Yes, and potentially in ways you haven't anticipated. Most traditional E&O (Errors & Omissions) policies were written before AI tools became common business fixtures. Many are "silent" on AI — meaning they don't explicitly cover or exclude AI-related claims — leaving your policy coverage ambiguous at best. In 2026, with AI-related lawsuits actively being filed, it's critical to seek out affirmative AI coverage that explicitly confirms protection for AI-generated professional errors. Consult a licensed insurance agent to review your current policy language and explore your options before your next renewal.
What is affirmative AI coverage and how is it different from my standard professional liability insurance policy?
Standard professional liability insurance (also called E&O insurance) covers claims arising from mistakes, negligence, or failures in delivering professional services. However, most standard policies were written before AI tools were mainstream and may contain exclusions or ambiguous language around AI-generated errors — such as a hallucinated (completely fabricated) AI recommendation that causes financial or physical harm to a client. Affirmative AI coverage explicitly confirms that claims arising from your use of AI tools fall within your policy coverage, closing the silent AI gap. Think of it as a critical upgrade that makes your insurance contract crystal-clear for the realities of doing business with AI in 2026.
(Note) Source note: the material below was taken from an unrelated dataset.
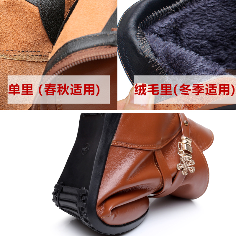 皮鞋女春秋女鞋平底内增高真皮短靴单靴休闲冬季舒适坡跟妈妈鞋子

Can AI-powered hiring tools expose my small business to EEOC discrimination lawsuits in 2026?
Absolutely. EEOC pre-litigation inquiries hit a 60-year record of nearly 270,000 in FY2025, and AI-powered hiring tools are increasingly cited in discrimination complaints. If your applicant screening software was trained on biased data, it can produce discriminatory outcomes — and you, as the employer, may be held liable regardless of whether a human or an algorithm made the decision. A thorough risk assessment of your hiring workflows, combined with affirmative AI liability coverage, is essential protection for any small business using automated tools to evaluate candidates in 2026.
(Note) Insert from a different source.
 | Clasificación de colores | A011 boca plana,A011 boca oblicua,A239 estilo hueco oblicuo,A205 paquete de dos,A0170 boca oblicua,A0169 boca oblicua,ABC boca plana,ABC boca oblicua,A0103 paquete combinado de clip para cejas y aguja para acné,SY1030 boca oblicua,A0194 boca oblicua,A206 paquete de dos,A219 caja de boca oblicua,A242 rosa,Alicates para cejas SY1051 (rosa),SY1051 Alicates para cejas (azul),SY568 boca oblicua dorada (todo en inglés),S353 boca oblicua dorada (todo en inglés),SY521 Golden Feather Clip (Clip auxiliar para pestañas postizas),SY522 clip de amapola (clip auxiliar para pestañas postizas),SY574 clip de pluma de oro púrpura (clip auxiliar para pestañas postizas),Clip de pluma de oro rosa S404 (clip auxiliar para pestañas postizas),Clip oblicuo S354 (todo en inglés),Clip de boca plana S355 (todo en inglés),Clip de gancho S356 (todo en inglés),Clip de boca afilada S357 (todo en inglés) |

How do I find out if my current business insurance policy actually covers AI-related lawsuits?
The fastest way is to search your current policy documents for terms like "artificial intelligence," "AI," "automated decision-making," or "machine learning." If those terms don't appear — or appear only in exclusion clauses — your policy is likely silent on AI. Remember, fewer than 33% of small businesses even carry management and professional liability coverage, let alone explicit affirmative AI policy coverage. Doing an insurance comparison with newer specialty products, such as those offered through Counterpart's network of 2,800 agents, can reveal exactly where your gaps are. A licensed insurance agent is your best guide for interpreting policy language accurately.
What insurance savings can small businesses expect by bundling AI liability coverage with professional liability insurance?
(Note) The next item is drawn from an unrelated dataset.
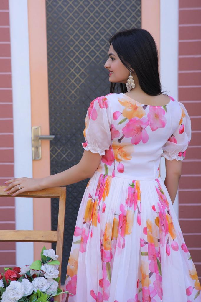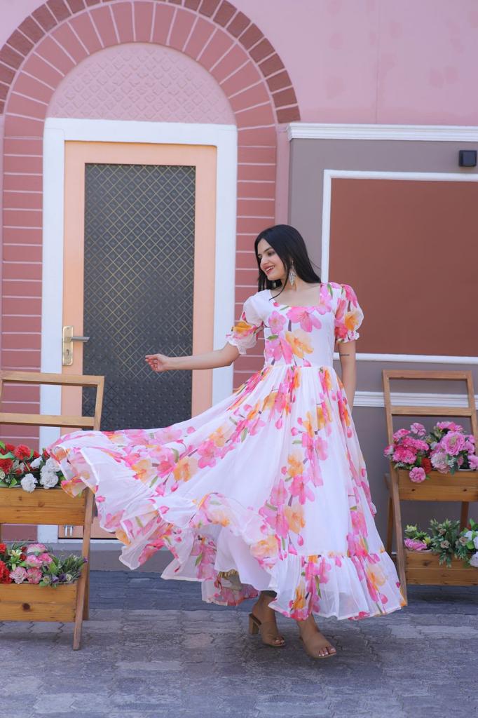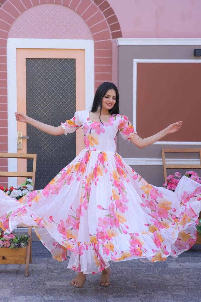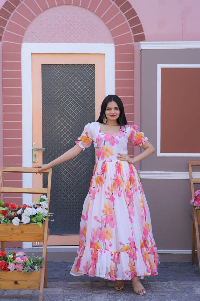 Premium Readymade Tabby Silk Floral Designer Long Frock—omz
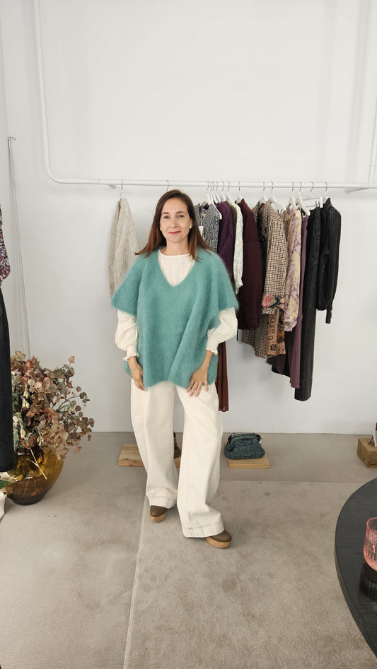 Chaleco/Jersey Manga Corta Kid Mohair Verde Menta

Bundling AI liability coverage with existing professional liability or E&O policies can often reduce overall premium costs compared to purchasing separate standalone policies — similar to how bundling home and auto insurance with a single carrier delivers insurance savings. Beyond premium discounts, AI-powered insurtech platforms like Counterpart's Agentic Insurance™ system resolve claims more than twice as fast as industry benchmarks and deliver outcomes more than 10% better than averages, which can translate into faster resolutions and lower out-of-pocket costs over the life of a claim. Ask your broker to run a full insurance comparison that includes bundled AI coverage options at your next renewal to see what protection — and savings — you may be leaving on the table.
Disclaimer: This article is for informational purposes only and does not constitute insurance advice. Always consult a licensed insurance agent for personalized guidance.